One of the first e-mails I received when I got on-line involved Nathan Radlich, his sister, and the late, unlamented Hoochie.
When Nathan Radlich's house was burgled, thieves left his TV, his VCR, and even left his watch. What they did take was "generic white cardboard box filled with greyish-white powder." (That at least is the way the police described it.) A spokesman for the Fort Lauderdale police said "that it looked similar to cocaine and they'd probably thought they'd hit the big time." Then Nathan stood in front of the TV cameras and pleaded with the burglars: "Please return the cremated remains of my sister, Gertrude. She died three years ago."

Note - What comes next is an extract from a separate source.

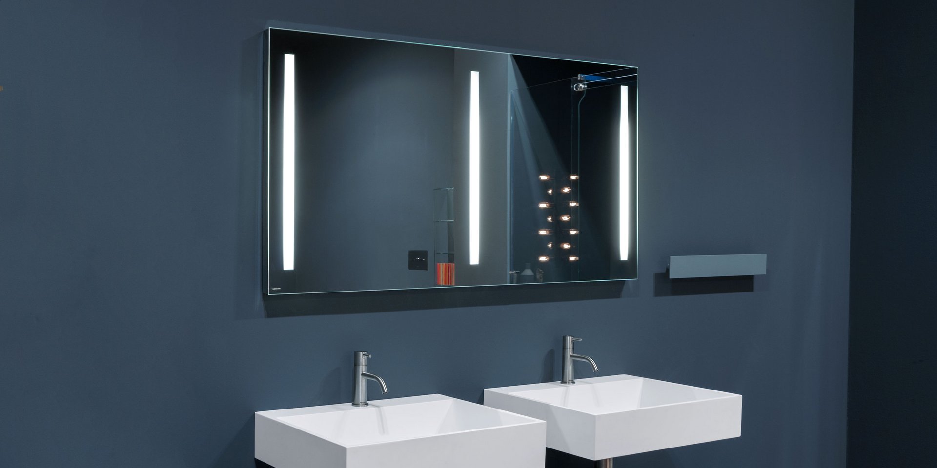 Polished edge mirror 5 mm thick with white led lighting, complete with polished stainless steel frame AISI 304

The next morning, the bullet-riddled corpse of a drug dealer known as Hoochie Pevens was found on Nathan's doorstep. The cardboard box was there too; about half of Gertrude's ashes remained. And there was this note. It said: "Hoochie sold us the bogus blow, so we wasted Hoochie. Sorry we snorted your sister. No hard feelings. Have a nice day."
Since we have determined that my sense of humour is a wee bit to the odd side, it should come as no surprise for the Gentle Reader to discover that I find this incredibly funny -- and since the average criminal mastermind is dumber than a box of rocks, I honestly figured this was a true story.
Alas and alack, I was bipping through the Snopes site this evening and discovered that one of my all time favorite crime stories is an Urban Legend.
Oh, well. It's still funny, even if it didn't actually happen.